- Downtown Toronto (St. George)
David Gordon FCIP RPP AICP is Professor in the School of Urban and Regional Planning of the Department of Geography and Planning at Queen’s University. He received a Doctor of Design degree from the Harvard GSD. David was SURP Director for over a decade and has also taught at McGill, Toronto, TMU, Riga, Western Australia, Harvard and Pennsylvania, where he was a Fulbright Senior Scholar. Prior to becoming a full-time professor, David was a principal in an urban design firm and manager in a Toronto waterfront agency. He is a member of the National Capital Commission’s design review committee, Research Chair of the Council for Canadian Urbanism and a Fellow of the Canadian Institute of Planners, sharing their National Awards four times. Recent books include Town and Crown and Planning Canadian Communities (with Pam Shaw). His research examines planning histories, capital cities, waterfronts and suburbs in Canada, Australia and the USA.
David Gordon's current major research field, planning history, uses longitudinal studies of planning practice to answer questions about implementation. The main site is Canada's national capital region, which is the focus of the country's longest sustained urban planning effort. The capital city research program was supported by three SSHRC grants and a Fulbright fellowship.
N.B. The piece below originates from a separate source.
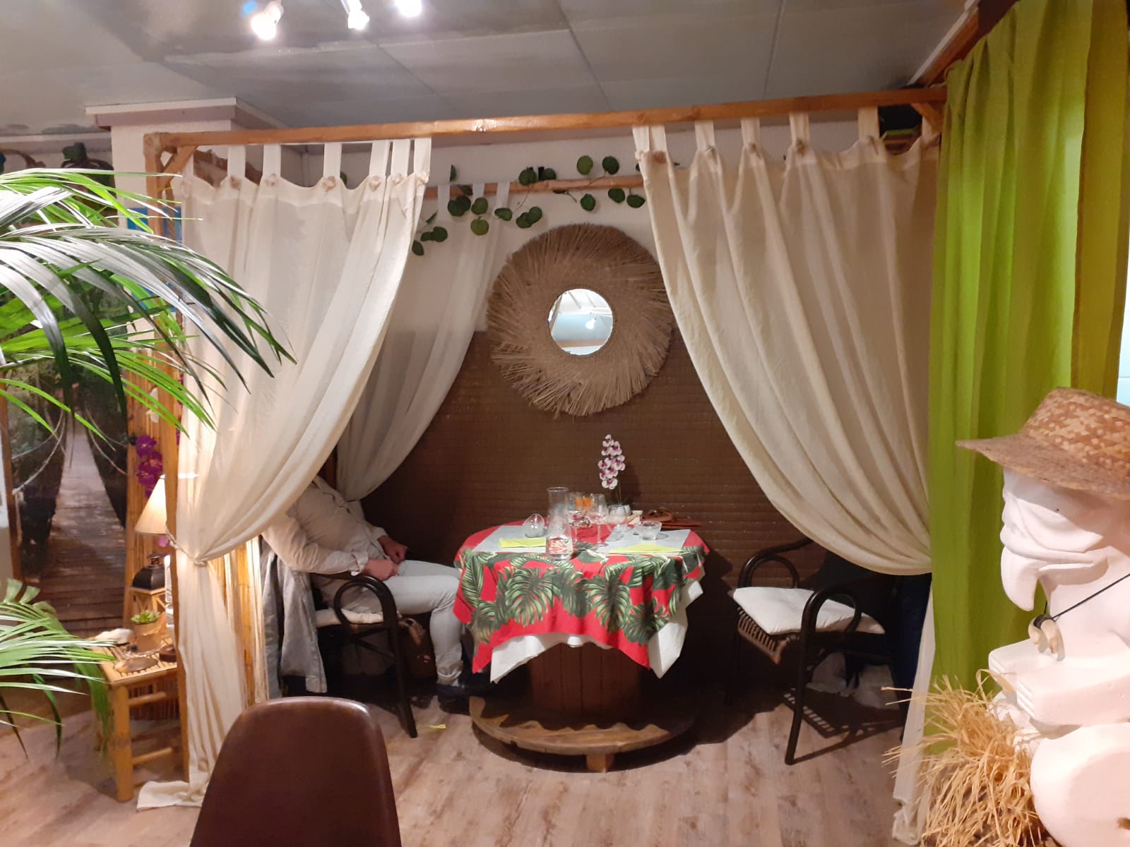 Ambiance intimiste. Cadre enchanteur vous faisant voyager en Polynésie. Accueil très simple et convivial. Hospitalité authentique. En prime, la cuisine est délicieuse. Le duo de tartare est une explosion de saveur en bouche. A faire absolument.

The results are reported in a book, many refereed articles and a research website. This research stream culminated in another book, Town and Crown: An illustrated history of Canada's capital.
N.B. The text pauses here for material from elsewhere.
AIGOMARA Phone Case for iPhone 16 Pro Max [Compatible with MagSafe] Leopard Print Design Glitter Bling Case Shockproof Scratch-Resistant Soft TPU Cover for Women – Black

A second research focus is planning Canadian suburbs. This area has been addressed in several book chapters, articles in the Journal of the American Planning Association, Urban History Review, Journal of Architectural and Planning Research and Journal of Urban Design. The project is supported by two SSHRC grants to examine the histories proportions and policy implications of Canadian suburbs. The research was extended for comparison with Australian suburbs at UWA's Institute for Advanced Studies and American suburbs at MIT’s Center for Advanced Urbanism.